■ Your goal: Output the listing exactly as written, apart from its pictures.

■ Input data:
---

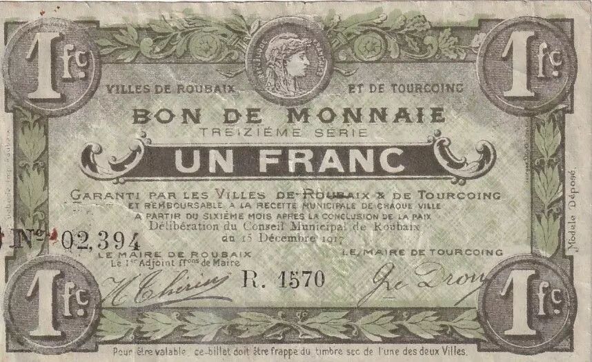 Ce billet de un franc a été émis par les villes de Roubaix et de Tourcoing en date du 15 décembre 1917. Il appartient à la 13ème série de cette émission locale.
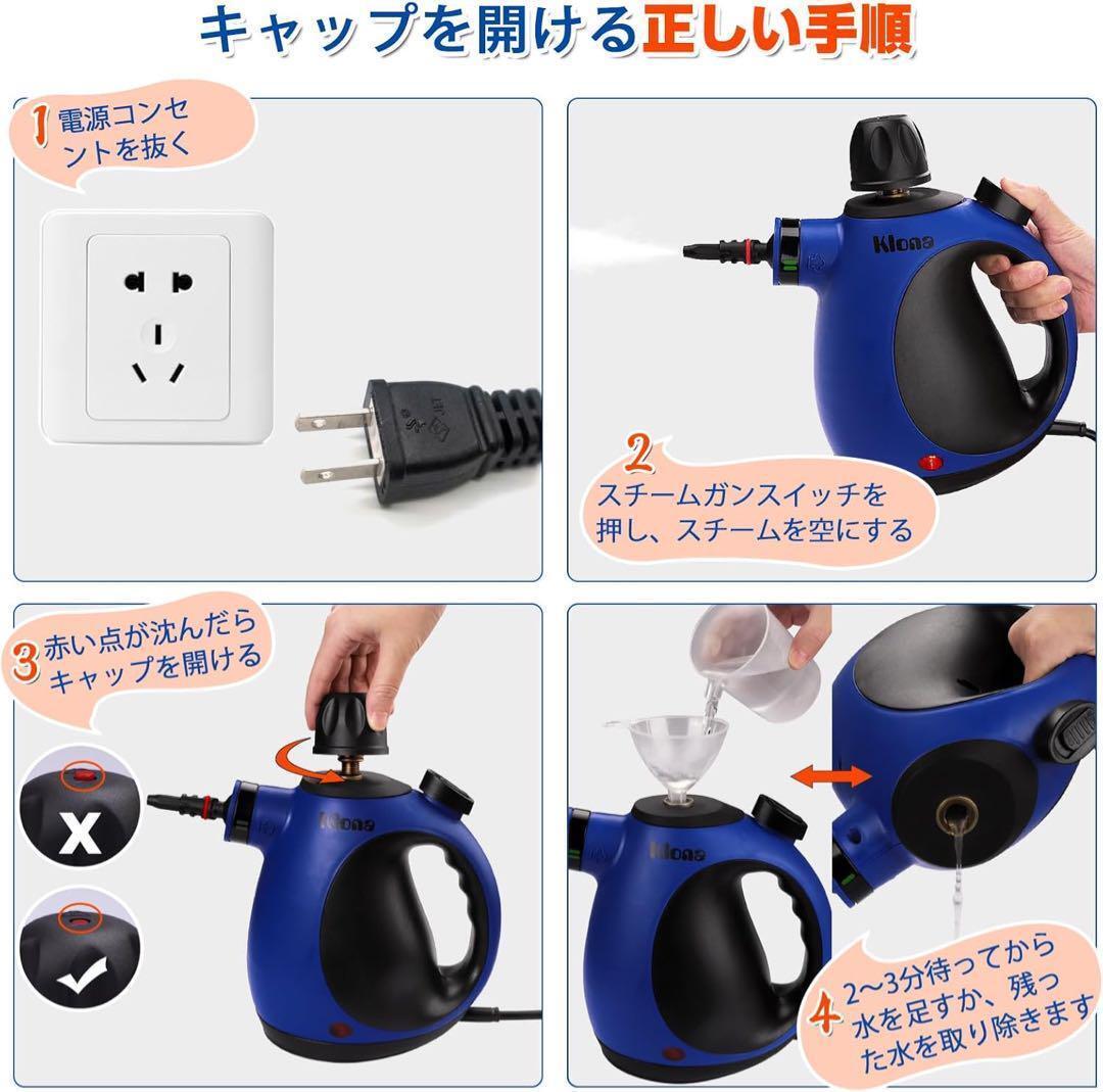 スチーマーは3分ですぐに加熱され、加圧された高温スチームを放出します。1050Wのパワー、350MLの水タンク容量(通常使用には250MLの水容量をお勧めします)、10分以上の連続運転時間。
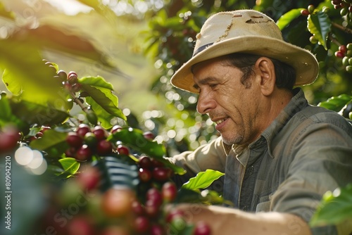 Farmer picking Arabic coffee beans on the coffee tree.
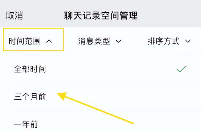 5、最后,在聊天记录空间管理页面,点击时间范围,选择时间即可。

---

■ Exercise solution:
 Ce billet de un franc a été émis par les villes de Roubaix et de Tourcoing en date du 15 décembre 1917. Il appartient à la 13ème série de cette émission locale.
 スチーマーは3分ですぐに加熱され、加圧された高温スチームを放出します。1050Wのパワー、350MLの水タンク容量(通常使用には250MLの水容量をお勧めします)、10分以上の連続運転時間。
 Farmer picking Arabic coffee beans on the coffee tree.
 5、最后,在聊天记录空间管理页面,点击时间范围,选择时间即可。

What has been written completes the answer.